花明也追问:“敌人是谁?”
林带月说:“很难说清,等你长到及笄的岁数再和你说吧,现在你帮不上忙,知道也是徒添烦恼。”
花明也沮丧地垂头。
“明儿,”花残雪叫她,“你不用担心,你只要做自己想做的事就行,一心追求你喜欢的武学就好。你以后是做大侠还是做别的我都无所谓,你自个儿也千万别想岔了,明白吗?”
他指着花明也带回的剑:“你师父也是这个意思。人已经杀了,做了就是做了,你要有承担的勇气。天塌下来也有爹娘顶着,你师父也就是嘴硬,他能真的不要你了么?”
花明也听着这些话,又呜呜地哭起来。
花残雪起身,走过来将她抱到怀里,轻轻地拍着背:“哭吧,不哭出来就得憋坏了。有什么事是过不去的呀,人活着最重要,别的都慢慢想,不急的啊。”

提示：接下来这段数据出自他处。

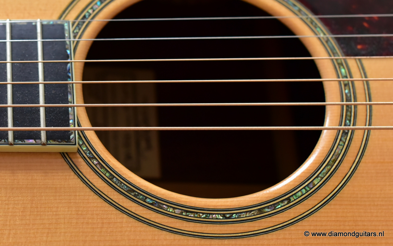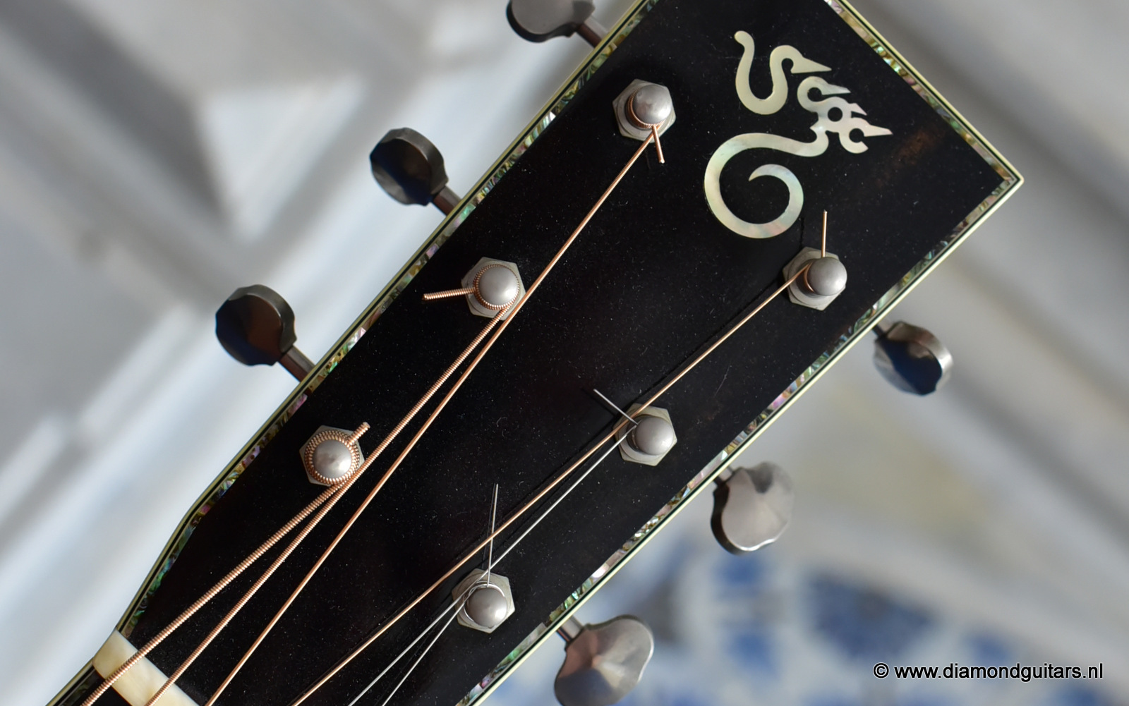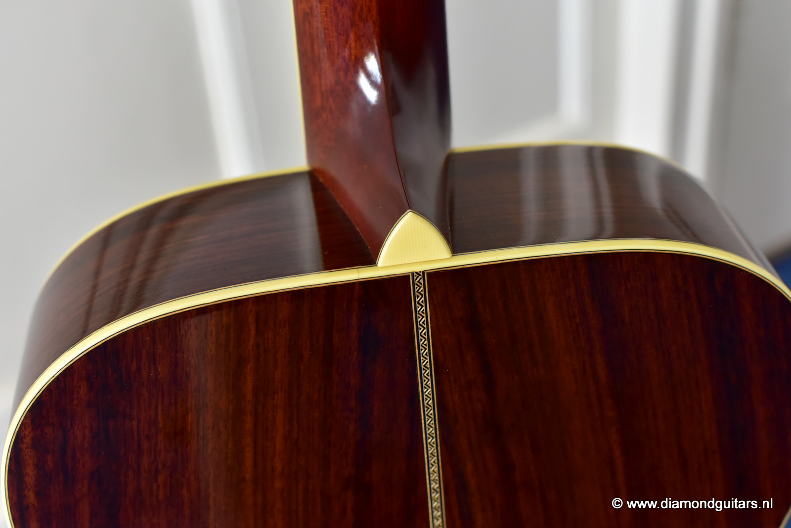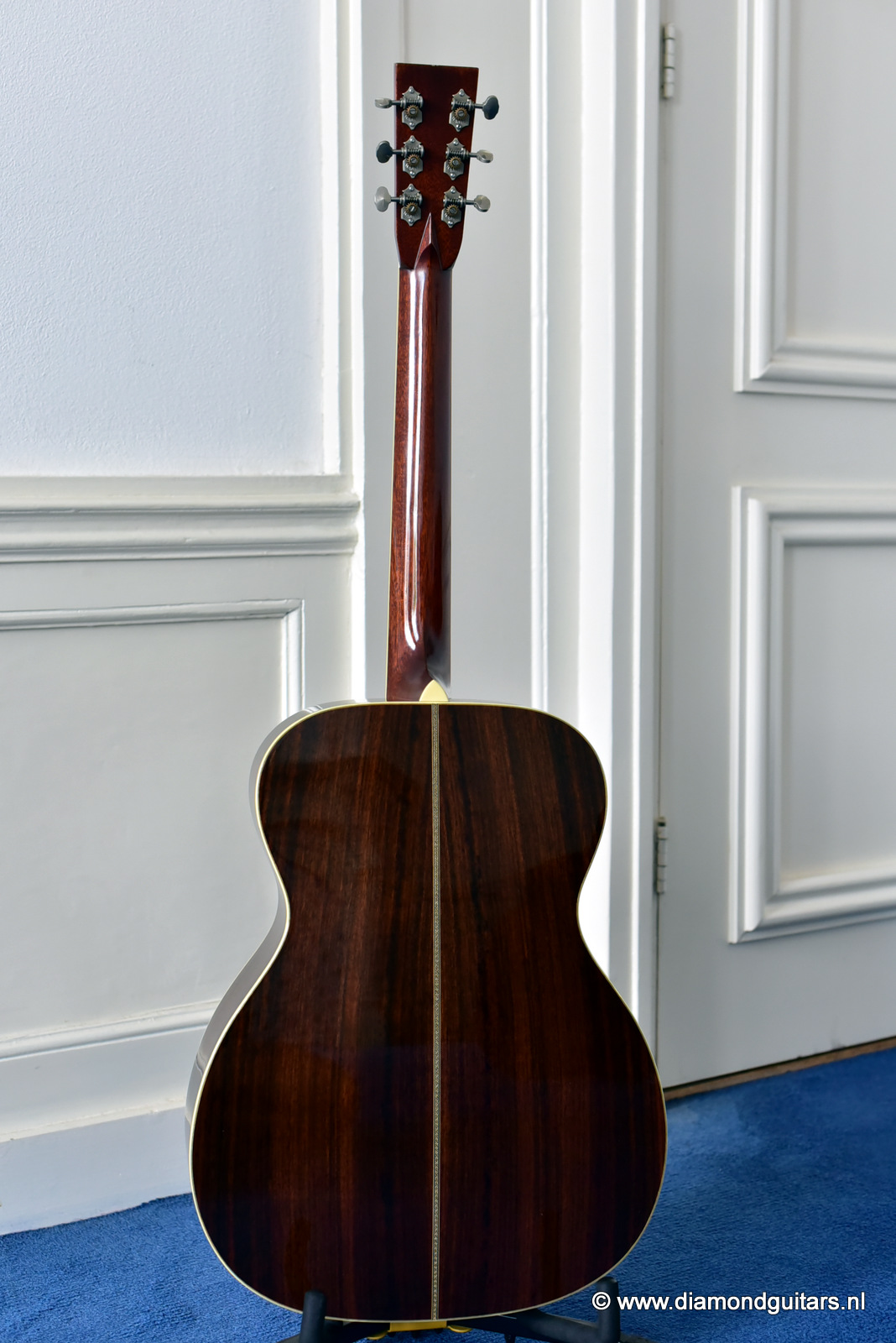 1997 was a special year for Richard. The company was really doing well and new models and techniques were incorparated into his instruments. One of these techniques was the inlay work. The famous inlay artist Larry Robinson designed and crafted the commemorative Art Deco pre war style inlay work on this guitar. A true piece or art! That is not all: this instrument sounds amazing. Full bodied tones in the low end and sprakling highs.

又在山庄收拾逗留的几日,准备妥当后,花残雪亲自带她离开雪月山庄,去找新的师父。
“爹,我们要去哪里?”
花残雪靠在宽敞的马车里,摸着下巴:“去魔教总坛呀。不对,应该叫明教总坛。”
“明教?”
“太阳金乌和新月蟾蜍是明教旗下分立的两派。新月蟾蜍就是金蟾教……”
花明也拔高声音:“你是魔教教主?!”
花残雪说:“小声点。只有执掌总坛的才算教主吧。”
花明也问:“那教主是谁?”
花残雪说:“不出意外的话,大概……还是你爷爷?”
花明也这下坐立难安了。
她甚至有点想咬指甲:“我要拜谁当师父?爷爷么?而且你怎么从来没讲过爷爷的事?”
花残雪说:“哈哈,他那把老骨头教不动你了吧。我和老头前些年闹掰了,所以一直没回去。你别紧张,你从里到外都随我,他肯定不会为难你。”
花明也没问为什么闹掰,隐隐觉得自己猜得出一点答案。
花残雪自顾自说:“我心里是有个人选,就是你大伯,只是不知道他愿不愿意带呢?”
他端详着花明也的脸:“毕竟你和我长得实在太像。”
难道大伯很讨厌爹?
在抵达明教总坛之前花明也都未能参透父亲这句话的深意,
魔教并非花明也想象中那样阴森可怕。从外观看,总坛的建筑和雪月山庄之流并无不同。花明也在金陵长大,头一次出这么远的门。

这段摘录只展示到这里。